(Beginning of Given data)

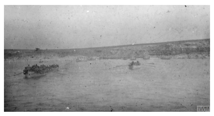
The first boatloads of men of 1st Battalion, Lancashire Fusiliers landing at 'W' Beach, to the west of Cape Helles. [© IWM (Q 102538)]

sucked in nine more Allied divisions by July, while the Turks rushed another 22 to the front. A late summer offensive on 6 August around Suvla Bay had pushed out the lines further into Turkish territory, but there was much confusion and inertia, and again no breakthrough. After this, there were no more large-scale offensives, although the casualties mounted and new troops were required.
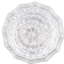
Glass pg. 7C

(End of Given data)
(Beginning of Given data)

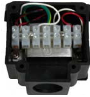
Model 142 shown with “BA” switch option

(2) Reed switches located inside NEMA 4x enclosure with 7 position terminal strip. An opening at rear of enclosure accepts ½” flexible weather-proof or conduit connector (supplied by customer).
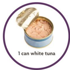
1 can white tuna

(End of Given data)

Task item: An exact copy is needed. It runs from the line above containing "sucked in nine" down to the line containing "Glass pg. 7C", both included, with no pictures.

Exercise result:
sucked in nine more Allied divisions by July, while the Turks rushed another 22 to the front. A late summer offensive on 6 August around Suvla Bay had pushed out the lines further into Turkish territory, but there was much confusion and inertia, and again no breakthrough. After this, there were no more large-scale offensives, although the casualties mounted and new troops were required.
Glass pg. 7C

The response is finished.